→ WORK INSTRUCTIONS:
Transcribe the entries below exactly, starting with the line that has "Scene 3: op" and stopping after the line that has "a图:相干光量子计算服务作业"; no pictures belong in the copy.

→ MATERIAL SHOWN:
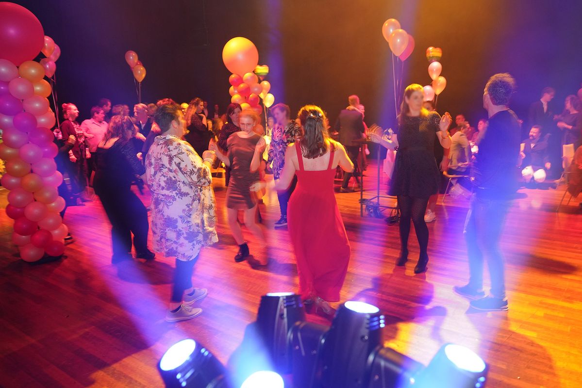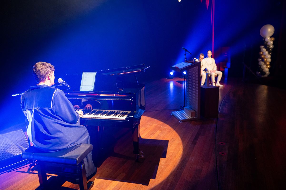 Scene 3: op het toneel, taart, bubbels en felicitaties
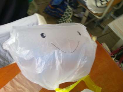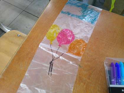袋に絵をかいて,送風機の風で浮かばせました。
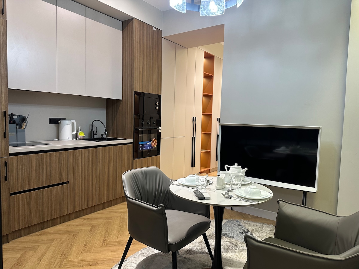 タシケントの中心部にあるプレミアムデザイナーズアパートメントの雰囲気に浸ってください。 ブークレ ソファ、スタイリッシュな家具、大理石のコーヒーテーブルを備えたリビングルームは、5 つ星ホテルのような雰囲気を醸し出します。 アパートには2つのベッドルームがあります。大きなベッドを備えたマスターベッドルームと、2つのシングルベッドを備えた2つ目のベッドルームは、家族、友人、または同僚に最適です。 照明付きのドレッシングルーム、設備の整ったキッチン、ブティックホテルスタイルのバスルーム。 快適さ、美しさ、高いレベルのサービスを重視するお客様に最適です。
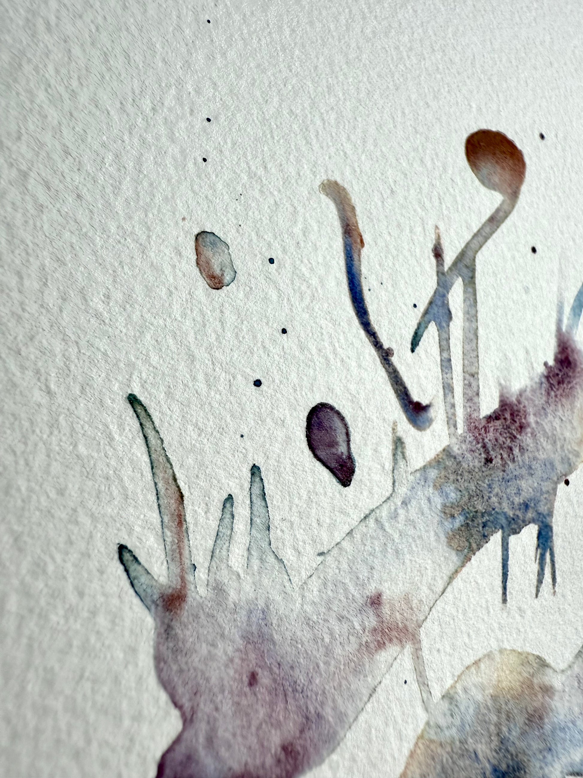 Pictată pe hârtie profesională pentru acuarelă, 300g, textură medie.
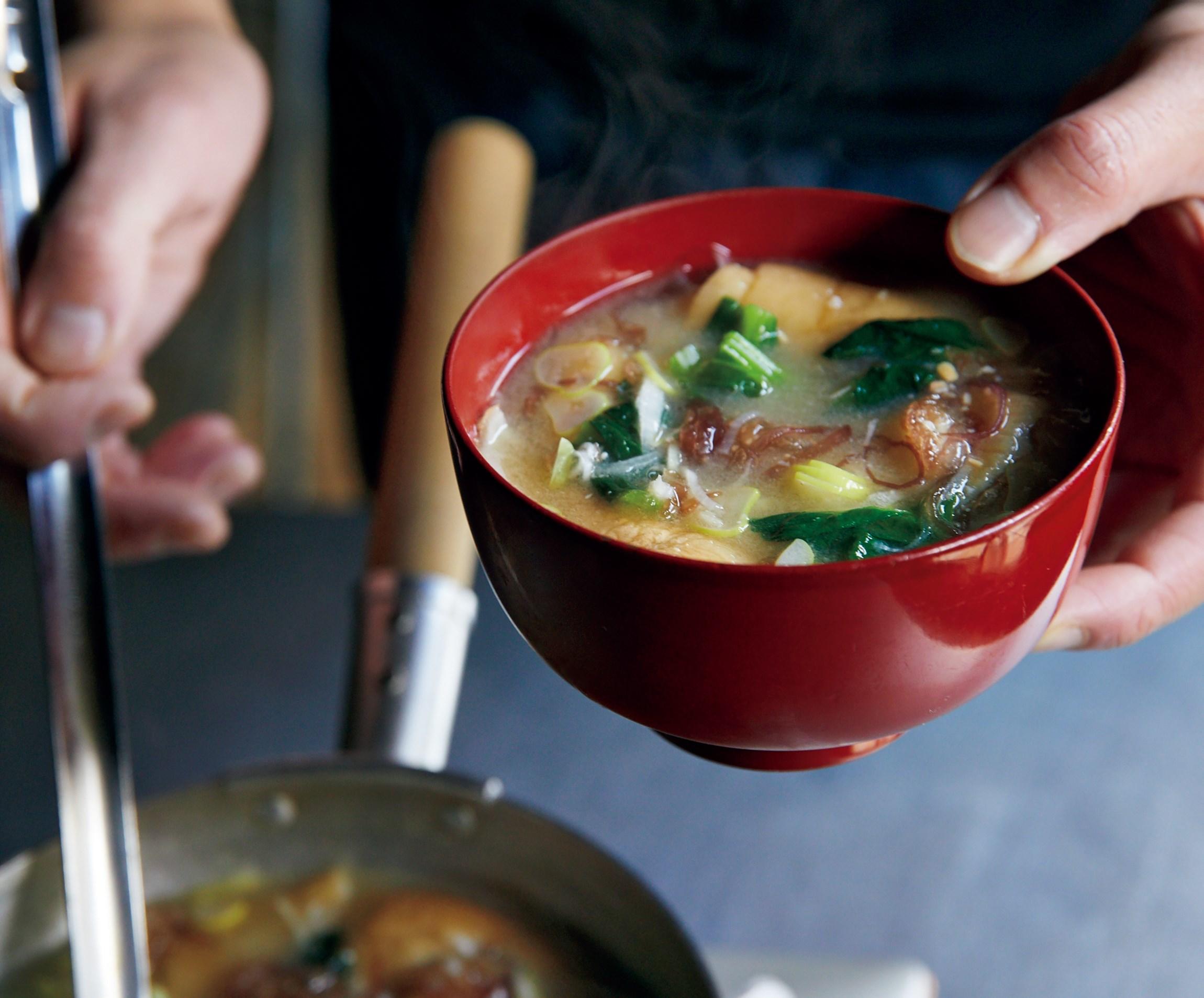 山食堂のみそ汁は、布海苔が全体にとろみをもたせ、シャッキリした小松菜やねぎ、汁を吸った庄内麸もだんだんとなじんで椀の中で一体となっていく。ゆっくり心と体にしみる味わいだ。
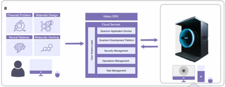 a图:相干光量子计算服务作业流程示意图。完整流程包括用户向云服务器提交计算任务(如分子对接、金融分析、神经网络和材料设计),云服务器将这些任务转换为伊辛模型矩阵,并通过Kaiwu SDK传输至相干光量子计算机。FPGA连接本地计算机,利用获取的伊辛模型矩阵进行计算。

==

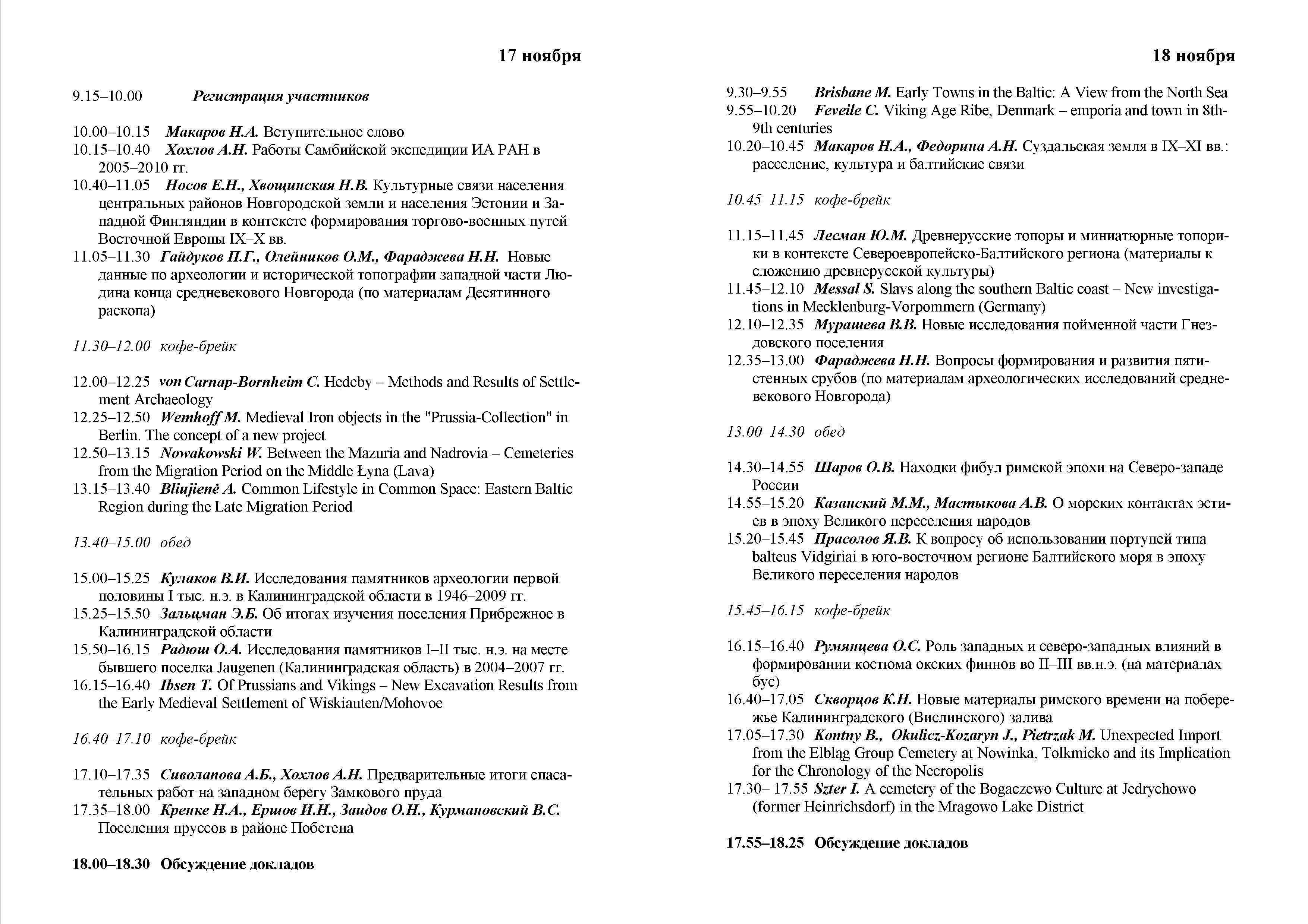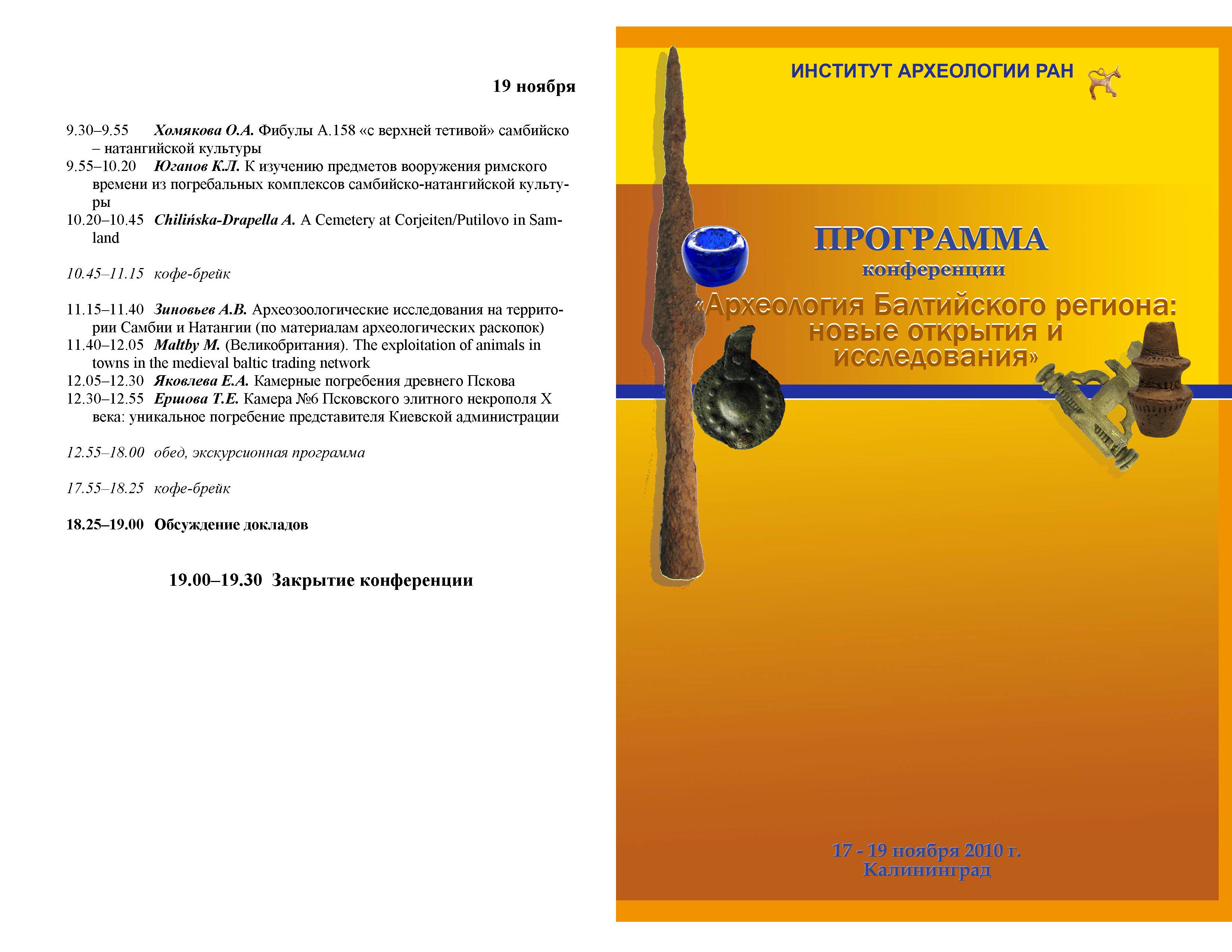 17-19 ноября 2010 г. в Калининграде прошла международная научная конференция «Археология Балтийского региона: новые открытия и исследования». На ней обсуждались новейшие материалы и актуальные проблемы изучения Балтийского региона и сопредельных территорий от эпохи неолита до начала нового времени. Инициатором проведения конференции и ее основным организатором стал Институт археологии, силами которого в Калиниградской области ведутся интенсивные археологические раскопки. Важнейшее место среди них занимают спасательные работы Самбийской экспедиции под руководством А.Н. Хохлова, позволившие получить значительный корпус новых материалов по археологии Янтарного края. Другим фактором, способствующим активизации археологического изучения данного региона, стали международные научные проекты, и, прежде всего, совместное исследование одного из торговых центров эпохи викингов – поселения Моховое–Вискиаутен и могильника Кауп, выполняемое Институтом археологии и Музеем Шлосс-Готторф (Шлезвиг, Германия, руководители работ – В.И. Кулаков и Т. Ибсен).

--

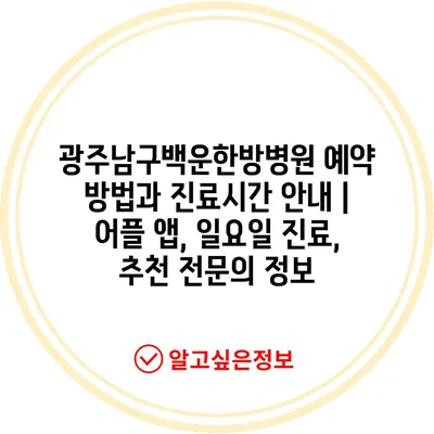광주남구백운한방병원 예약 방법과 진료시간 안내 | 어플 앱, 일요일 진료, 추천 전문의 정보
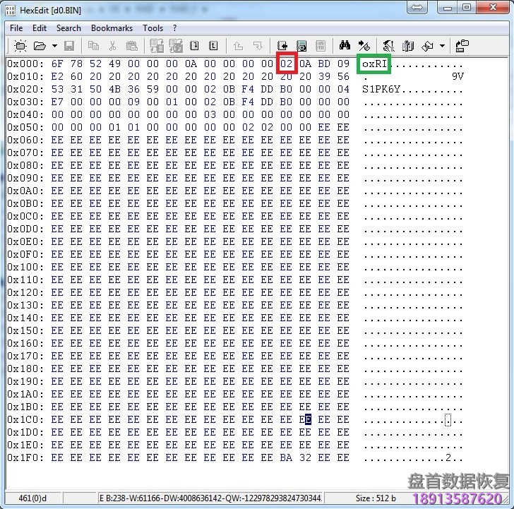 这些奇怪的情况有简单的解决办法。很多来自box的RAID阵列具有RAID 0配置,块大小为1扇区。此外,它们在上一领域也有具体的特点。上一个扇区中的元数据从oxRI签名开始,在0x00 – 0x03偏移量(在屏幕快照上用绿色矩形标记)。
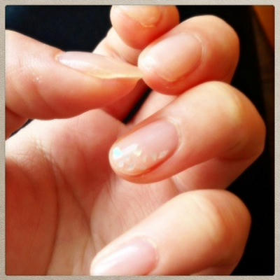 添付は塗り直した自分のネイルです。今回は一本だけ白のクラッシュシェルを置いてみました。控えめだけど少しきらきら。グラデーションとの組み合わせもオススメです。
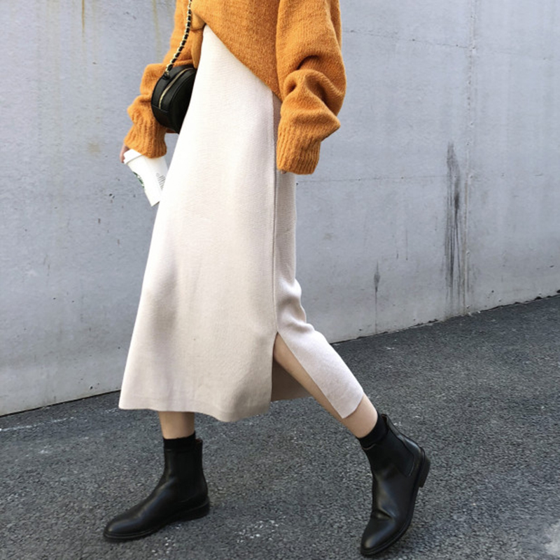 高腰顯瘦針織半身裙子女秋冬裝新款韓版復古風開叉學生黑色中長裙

→ RESULT OF THE TASK:
 Scene 3: op het toneel, taart, bubbels en felicitaties
袋に絵をかいて,送風機の風で浮かばせました。
 タシケントの中心部にあるプレミアムデザイナーズアパートメントの雰囲気に浸ってください。 ブークレ ソファ、スタイリッシュな家具、大理石のコーヒーテーブルを備えたリビングルームは、5 つ星ホテルのような雰囲気を醸し出します。 アパートには2つのベッドルームがあります。大きなベッドを備えたマスターベッドルームと、2つのシングルベッドを備えた2つ目のベッドルームは、家族、友人、または同僚に最適です。 照明付きのドレッシングルーム、設備の整ったキッチン、ブティックホテルスタイルのバスルーム。 快適さ、美しさ、高いレベルのサービスを重視するお客様に最適です。
 Pictată pe hârtie profesională pentru acuarelă, 300g, textură medie.
 山食堂のみそ汁は、布海苔が全体にとろみをもたせ、シャッキリした小松菜やねぎ、汁を吸った庄内麸もだんだんとなじんで椀の中で一体となっていく。ゆっくり心と体にしみる味わいだ。
 a图:相干光量子计算服务作业流程示意图。完整流程包括用户向云服务器提交计算任务(如分子对接、金融分析、神经网络和材料设计),云服务器将这些任务转换为伊辛模型矩阵,并通过Kaiwu SDK传输至相干光量子计算机。FPGA连接本地计算机,利用获取的伊辛模型矩阵进行计算。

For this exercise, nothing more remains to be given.